Let’s do a careful calculator of how much you can earn a month. You will only benefit from a debt consolidation loan if you can afford to repay it. If you can’t, you risk digging yourself deeper into a financial quagmire. Although you may find ways to save on interest as you shop around for debt consolidation options, if you can’t afford the new monthly bills, it can cause even more problems, including damage to your credit score.

2.2. Your credit score

If you have a good credit score according to the FICO score standard — at least 670 — you will have a better chance of obtaining a lower interest rate than you currently have on your debt, which could save you money. If your credit isn’t quite up to par, you may end up paying a higher interest rate on the new loan than you are now.
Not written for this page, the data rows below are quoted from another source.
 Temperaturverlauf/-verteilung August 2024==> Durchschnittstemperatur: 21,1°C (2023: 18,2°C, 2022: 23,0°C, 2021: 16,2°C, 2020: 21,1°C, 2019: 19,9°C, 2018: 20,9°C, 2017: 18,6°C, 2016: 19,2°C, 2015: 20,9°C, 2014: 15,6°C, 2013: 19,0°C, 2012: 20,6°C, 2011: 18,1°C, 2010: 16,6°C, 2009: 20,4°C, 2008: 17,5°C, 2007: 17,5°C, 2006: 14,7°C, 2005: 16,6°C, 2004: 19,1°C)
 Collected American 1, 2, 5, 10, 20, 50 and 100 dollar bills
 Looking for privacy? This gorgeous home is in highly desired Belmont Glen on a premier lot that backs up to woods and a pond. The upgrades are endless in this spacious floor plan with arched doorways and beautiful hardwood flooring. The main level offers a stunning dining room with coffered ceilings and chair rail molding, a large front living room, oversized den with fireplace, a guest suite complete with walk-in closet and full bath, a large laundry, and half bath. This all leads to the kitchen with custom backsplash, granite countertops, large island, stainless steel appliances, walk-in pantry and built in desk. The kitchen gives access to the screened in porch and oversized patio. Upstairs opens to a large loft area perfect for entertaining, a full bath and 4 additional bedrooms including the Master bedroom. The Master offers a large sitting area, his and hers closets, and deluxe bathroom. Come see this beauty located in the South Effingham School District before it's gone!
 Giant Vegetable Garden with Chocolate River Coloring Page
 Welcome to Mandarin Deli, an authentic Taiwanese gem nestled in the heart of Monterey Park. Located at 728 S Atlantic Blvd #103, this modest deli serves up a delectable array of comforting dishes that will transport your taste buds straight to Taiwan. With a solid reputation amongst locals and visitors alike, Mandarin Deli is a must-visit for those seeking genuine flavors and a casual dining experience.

If your current score is too low and your debt situation isn’t dire, you should know how to increase your credit score quickly before applying. 

GET CREDIT SCORE ONLINE

2.3. Your debts load

Consolidating cards credit card debt is not a good idea if your debt load is too high and this loan amount is beyond your means, and you can’t even afford your current payments. In other words, it will not assist you in reducing your financial burden or lowering your interest rate. In this case, you may need to consider more drastic measures, such as filing for bankruptcy.
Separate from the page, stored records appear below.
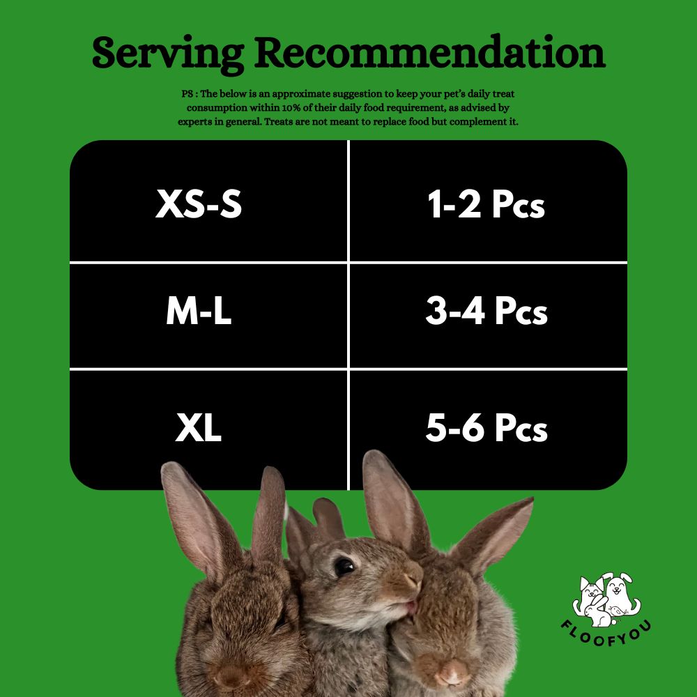 The above is an approximate suggestion to keep your pet’s daily treat consumption within 10% of their daily food requirement, as advised by experts in general. Treats are not meant to replace food but complement it.
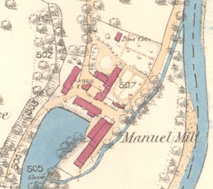 Indicated on the 1860 Ordnance Survey map this doocot has now completely disappeared. It stood immediately north of the Manuel Mill House and was rectangular in plan. A doocot is mentioned here in the Edinburgh Evening Courant on 2 February 1754.
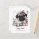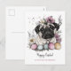 Easter pug rustic botanical floral holiday postcard
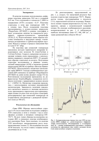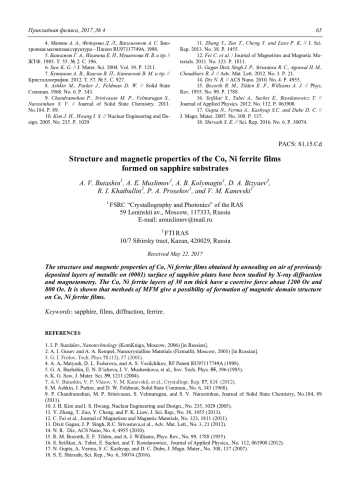 Буташин А. В., Муслимов А. Э., Колымагин А. Б., Бизяев Д. А., Хайбулин Р. И., Просеков П. А., Каневский В. М. Структура и магнитные свойства наноразмерных пленок ферритов кобальта и никеля на сапфировых подложках 60
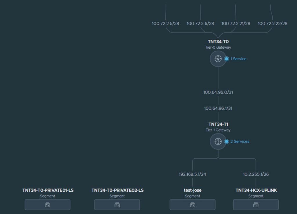 Let’s go back to Azure. If you remember, the Megaport ExpressRoute circuit was connected via Global Reach to BGP neighbors 10.2.252.129 and 10.2.252.130 on ASN 12076. In AVS we can have a look first at the network topology in NSX Manager:
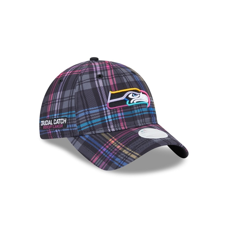 The Seattle Seahawks 2024 Crucial Catch Women's 9TWENTY Adjustable Hat features an embroidered Seahawks logo a the front panels with a matching Crucial Catch Intercept Cancer patch at the right-wear side. Additional details include an NFL Shield above an a
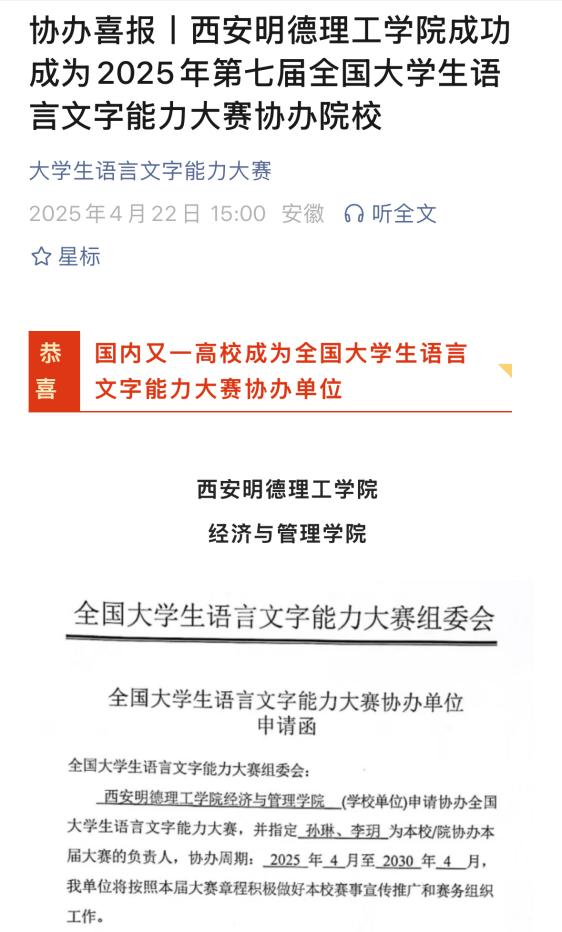 ac米兰官方网站经济与管理学院正式获准成为全国大学生语言文字能力大赛协办院校,协办周期为2025年4月至2030年4月。这一成果标志着学校在推动国家通用语言文字教育、服务学生综合素质发展方面迈出坚实一步,也是学校持续深化教育教学改革、落实立德树人根本任务的重要体现。
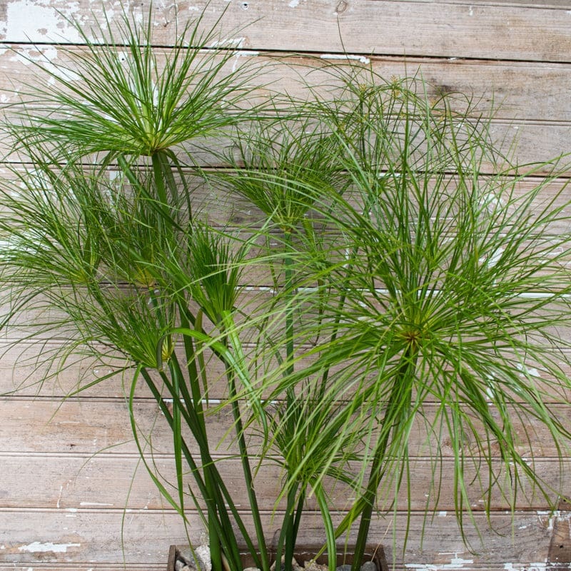 Commonly known as an umbrella plant, papyrus is a bold foliage specimen offering a tropical feel to the garden scape, making an excellent exotic vertical accent plant in containers or ground. Thick leafless stems are clump-forming, growing up to 6 feet wit
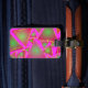 Gemacht mit mit den grünen, orange und gelben Dreiecken auf einem rosa Hintergrund.
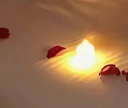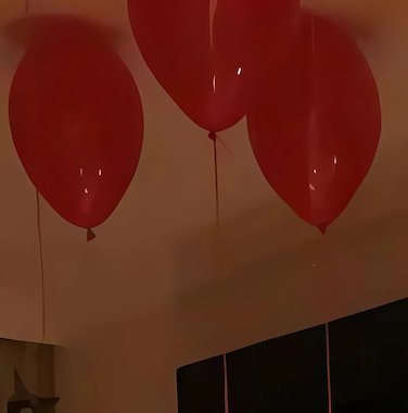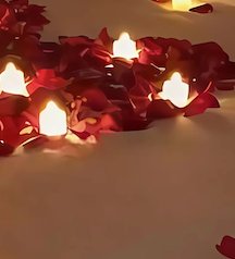 غرفة نوم مجهزة بديكور رومانسي مع بالونات حمراء وورود معلّقة وبتلات ورد وشموع LED حول السرير. مناسب لعيد الزواج، شهر العسل والمفاجآت الخاصة. أجواء دافئة وفخمة تضمن لحظات لا تُنسى.
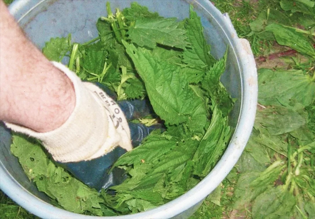 - Brennesleinfusjon - hjemme kan du lage en infusjon fra bladene, røttene og stilkene til planten, du kan ikke ta frø og blomster. Ferske råvarer helles i en bøtte halvveis, og helles deretter med kokende vann. Verktøyet skal tilføres i to dager. For at gjæringen skal være så aktiv som mulig i denne perioden, må du regelmessig blande innholdet i bøtta.

Consolidate credit card debt into a single payment may appear to be the answer to your financial problems, primarily if you can obtain a lower interest rate. However, before making any decision, you should carefully consider all factors, as the outcome may impact your financial health. Make sure that these methods do not become an oversize shirt for you. Besides, Debt consolidation loans can hurt your credit temporarily when checking it. 

Hanfincal (hanfincal.com) wishes you the best of luck finding the best option for your financial situation.